Шрифт:
Интервал:
Закладка:
Навыки Булата оказываются лучше, чем я считал, потому что он снова блокирует мой удар и бьет меня коленом в бедро. Наша борьба за оружие становится совершенно нескоординированной, мы упрямо пытаемся направить его в сторону друг друга и, как и в случае с Селимом, нож в какой-то момент просто находит свою цель и пронзает плоть, входя до самой рукоятки. Но на этот раз, это оказывается моя плоть.
Борьба прекращается.
Сначала шок от осознания, а потом и боль, заставляют меня перестать бороться. Нож вошел глубоко, кровь стремительно покидает мое тело и я знаю, что долго не протяну. Я уже видел свой конец минутами ранее, когда точно так же убил Селима. Меня пронзает леденящий страх, я перестаю адекватно осознавать действительность, чувствуя, как немеют конечности и стучит в ушах. Булат больше не удерживает мое тело, он вообще меня не касается, но я внезапно вижу перед собой лицо отца. Сначала мне кажется, что это какой-то гребаный бред, но я слышу его голос и он полон ярости.
– Кто это начал, я спрашиваю?! Кто убил…
И вдруг, все звуки словно отключают.

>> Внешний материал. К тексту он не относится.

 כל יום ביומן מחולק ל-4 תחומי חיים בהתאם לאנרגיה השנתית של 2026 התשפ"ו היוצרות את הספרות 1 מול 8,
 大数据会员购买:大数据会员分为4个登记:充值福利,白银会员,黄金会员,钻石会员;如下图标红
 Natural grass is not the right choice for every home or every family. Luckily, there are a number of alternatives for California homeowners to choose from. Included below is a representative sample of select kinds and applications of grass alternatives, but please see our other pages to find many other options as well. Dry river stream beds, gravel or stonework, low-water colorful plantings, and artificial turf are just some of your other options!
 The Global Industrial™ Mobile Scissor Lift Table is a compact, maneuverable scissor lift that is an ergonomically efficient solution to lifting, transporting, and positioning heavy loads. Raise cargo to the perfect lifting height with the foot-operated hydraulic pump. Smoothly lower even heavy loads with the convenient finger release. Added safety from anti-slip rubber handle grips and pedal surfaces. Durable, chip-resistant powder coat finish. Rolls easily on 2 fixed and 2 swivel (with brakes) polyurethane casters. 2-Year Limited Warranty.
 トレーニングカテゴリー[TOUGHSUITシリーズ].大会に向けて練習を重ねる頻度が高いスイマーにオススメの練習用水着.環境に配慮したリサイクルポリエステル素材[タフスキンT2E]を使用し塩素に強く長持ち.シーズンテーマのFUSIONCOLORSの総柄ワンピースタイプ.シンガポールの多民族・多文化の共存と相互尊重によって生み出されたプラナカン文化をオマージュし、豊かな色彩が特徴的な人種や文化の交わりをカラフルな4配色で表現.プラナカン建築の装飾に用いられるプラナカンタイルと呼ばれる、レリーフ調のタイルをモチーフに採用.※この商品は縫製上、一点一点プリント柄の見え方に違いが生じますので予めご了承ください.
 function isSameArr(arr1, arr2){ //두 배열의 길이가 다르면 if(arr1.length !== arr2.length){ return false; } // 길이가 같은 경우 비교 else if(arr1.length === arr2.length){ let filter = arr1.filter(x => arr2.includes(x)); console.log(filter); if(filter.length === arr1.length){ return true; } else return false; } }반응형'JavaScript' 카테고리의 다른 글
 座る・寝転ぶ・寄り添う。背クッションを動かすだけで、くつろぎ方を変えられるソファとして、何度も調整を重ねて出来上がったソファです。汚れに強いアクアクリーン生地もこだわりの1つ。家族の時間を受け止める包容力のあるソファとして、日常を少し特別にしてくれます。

Я больше не слышу его, мое сознание становится мутным и перед тем, как окончательно испустить дух, я в последний раз думаю об Азе, о том, что так и не увижу своего ребенка, вспоминая нежный голосок жены и мечтая, чтобы именно он был последним, что я услышу, раз уж смерть решила настигнуть меня именно сейчас.
* * *
Медленно приходя в сознание, я понимаю, что нахожусь в больнице. Слишком уж знакомое состояние затуманенного мозга из-за лекарств, да и открыв глаза, вижу штатив с капельницей, маячащий перед глазами. Выжил, значит. Невероятная удача, даже не верится.
– Он проснулся! – слышу взволнованный женский голос, но, прежде чем я успеваю распознать кому он принадлежит, меня снова утягивает сон.
В следующий раз я просыпаюсь с более ясной головой. Осматриваю комнату, понимая, что никакая это не больница, хотя соответствующие атрибуты присутствуют. Я нахожусь в среднего размера спальне с современной мебелью и плотно зашторенными окнами. В руке все еще торчит катетер, грудь перебинтована, но под простыней я голый. А еще, у меня адски болит эта ебучая рана, которую нанес мой собственный брат.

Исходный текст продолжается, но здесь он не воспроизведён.